**EXCERPTED RECORDS:**
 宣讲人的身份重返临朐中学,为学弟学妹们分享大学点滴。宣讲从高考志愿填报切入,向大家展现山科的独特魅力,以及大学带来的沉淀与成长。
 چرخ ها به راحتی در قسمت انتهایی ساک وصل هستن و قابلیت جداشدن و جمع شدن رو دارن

==

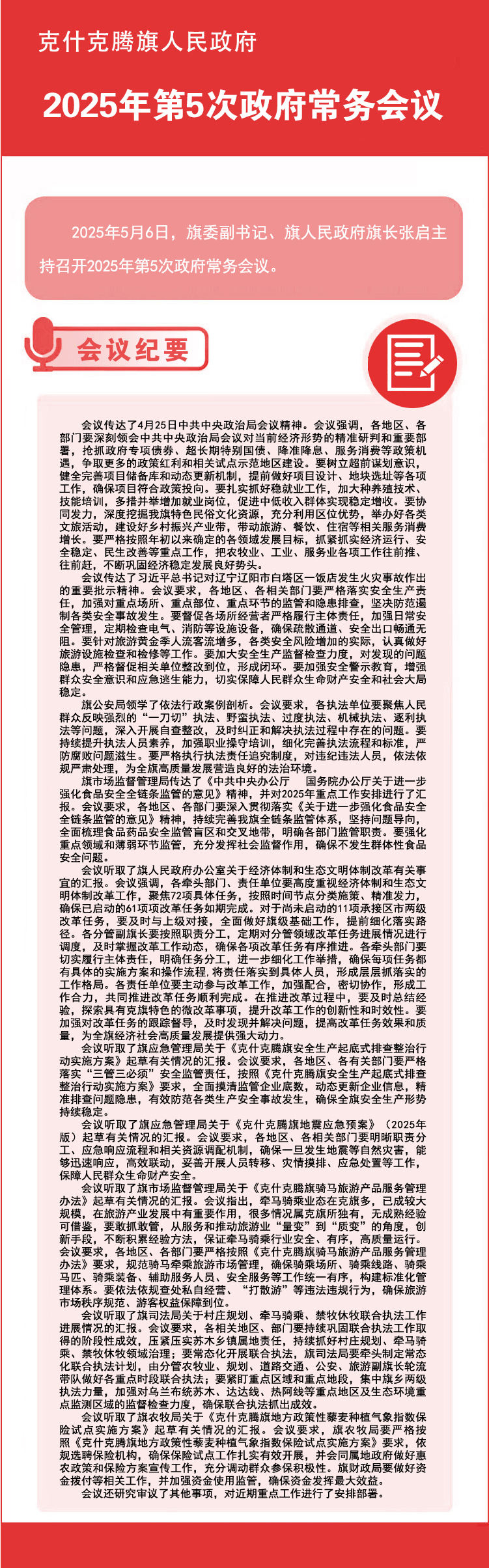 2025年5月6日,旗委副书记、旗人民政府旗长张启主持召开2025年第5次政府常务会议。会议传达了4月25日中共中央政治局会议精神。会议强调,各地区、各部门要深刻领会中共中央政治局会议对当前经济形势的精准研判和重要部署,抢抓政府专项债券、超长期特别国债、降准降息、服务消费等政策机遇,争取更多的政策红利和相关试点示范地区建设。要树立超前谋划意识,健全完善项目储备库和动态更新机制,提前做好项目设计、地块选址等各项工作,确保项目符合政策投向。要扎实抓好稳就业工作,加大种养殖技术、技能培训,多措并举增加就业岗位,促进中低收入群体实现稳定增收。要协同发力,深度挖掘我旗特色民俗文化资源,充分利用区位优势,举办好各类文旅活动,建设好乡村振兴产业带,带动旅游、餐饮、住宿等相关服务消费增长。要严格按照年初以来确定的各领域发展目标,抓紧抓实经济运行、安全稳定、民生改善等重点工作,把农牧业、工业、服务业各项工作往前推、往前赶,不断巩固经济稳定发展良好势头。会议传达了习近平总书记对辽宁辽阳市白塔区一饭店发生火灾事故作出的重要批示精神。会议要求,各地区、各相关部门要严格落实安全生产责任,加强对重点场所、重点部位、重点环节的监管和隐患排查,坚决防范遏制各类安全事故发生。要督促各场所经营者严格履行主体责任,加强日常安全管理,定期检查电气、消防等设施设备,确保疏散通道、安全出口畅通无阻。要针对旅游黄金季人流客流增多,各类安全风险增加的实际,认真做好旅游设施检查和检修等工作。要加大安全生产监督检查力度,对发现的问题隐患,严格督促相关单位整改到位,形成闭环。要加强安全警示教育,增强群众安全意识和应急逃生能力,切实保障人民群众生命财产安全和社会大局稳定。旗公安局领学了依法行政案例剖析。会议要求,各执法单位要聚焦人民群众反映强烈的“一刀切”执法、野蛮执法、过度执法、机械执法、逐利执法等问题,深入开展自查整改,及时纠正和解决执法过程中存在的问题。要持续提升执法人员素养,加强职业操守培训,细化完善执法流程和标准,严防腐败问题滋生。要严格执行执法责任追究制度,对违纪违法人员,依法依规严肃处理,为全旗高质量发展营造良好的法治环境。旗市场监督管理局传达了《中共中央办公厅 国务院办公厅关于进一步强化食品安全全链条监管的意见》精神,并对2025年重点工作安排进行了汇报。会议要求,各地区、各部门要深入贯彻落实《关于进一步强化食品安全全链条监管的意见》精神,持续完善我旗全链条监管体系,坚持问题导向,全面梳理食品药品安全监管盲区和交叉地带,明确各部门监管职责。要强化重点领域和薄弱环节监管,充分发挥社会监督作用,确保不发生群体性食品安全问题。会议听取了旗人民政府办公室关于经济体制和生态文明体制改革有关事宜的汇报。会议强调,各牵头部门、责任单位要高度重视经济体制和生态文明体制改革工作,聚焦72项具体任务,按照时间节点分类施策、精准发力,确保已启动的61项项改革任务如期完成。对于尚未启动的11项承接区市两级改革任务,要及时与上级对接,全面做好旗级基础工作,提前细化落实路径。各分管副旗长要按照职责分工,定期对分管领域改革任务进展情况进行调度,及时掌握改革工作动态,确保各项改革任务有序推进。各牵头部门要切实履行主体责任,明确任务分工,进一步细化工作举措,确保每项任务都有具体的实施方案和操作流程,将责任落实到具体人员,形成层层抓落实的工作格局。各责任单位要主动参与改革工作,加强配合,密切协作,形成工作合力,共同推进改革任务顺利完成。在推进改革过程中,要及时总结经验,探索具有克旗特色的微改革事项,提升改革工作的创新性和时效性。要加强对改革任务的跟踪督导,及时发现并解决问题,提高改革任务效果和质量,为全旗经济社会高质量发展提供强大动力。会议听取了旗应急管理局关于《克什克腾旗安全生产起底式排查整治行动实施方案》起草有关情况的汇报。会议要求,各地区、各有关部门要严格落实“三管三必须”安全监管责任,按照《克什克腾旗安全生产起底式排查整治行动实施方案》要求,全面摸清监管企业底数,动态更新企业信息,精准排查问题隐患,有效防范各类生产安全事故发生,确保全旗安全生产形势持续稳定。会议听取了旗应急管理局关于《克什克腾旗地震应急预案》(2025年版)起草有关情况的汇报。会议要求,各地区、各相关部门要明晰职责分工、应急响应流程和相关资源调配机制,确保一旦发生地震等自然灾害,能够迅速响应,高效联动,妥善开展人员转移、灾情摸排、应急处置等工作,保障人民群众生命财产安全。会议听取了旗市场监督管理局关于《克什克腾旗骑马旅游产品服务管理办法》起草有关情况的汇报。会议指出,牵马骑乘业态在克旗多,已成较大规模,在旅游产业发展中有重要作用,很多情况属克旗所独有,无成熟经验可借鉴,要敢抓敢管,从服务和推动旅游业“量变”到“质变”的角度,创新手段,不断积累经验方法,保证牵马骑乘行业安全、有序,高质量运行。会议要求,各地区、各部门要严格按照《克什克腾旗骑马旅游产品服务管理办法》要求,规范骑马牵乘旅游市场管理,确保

**TASK STATEMENT:**
Produce only the lines from the line containing "宣讲人的身份重返临朐中学,为" through the line containing "چرخ ها به راحتی", inclusive of both, exactly as they stand in the entries above.

**WRITTEN SOLUTION:**
 宣讲人的身份重返临朐中学,为学弟学妹们分享大学点滴。宣讲从高考志愿填报切入,向大家展现山科的独特魅力,以及大学带来的沉淀与成长。
 چرخ ها به راحتی در قسمت انتهایی ساک وصل هستن و قابلیت جداشدن و جمع شدن رو دارن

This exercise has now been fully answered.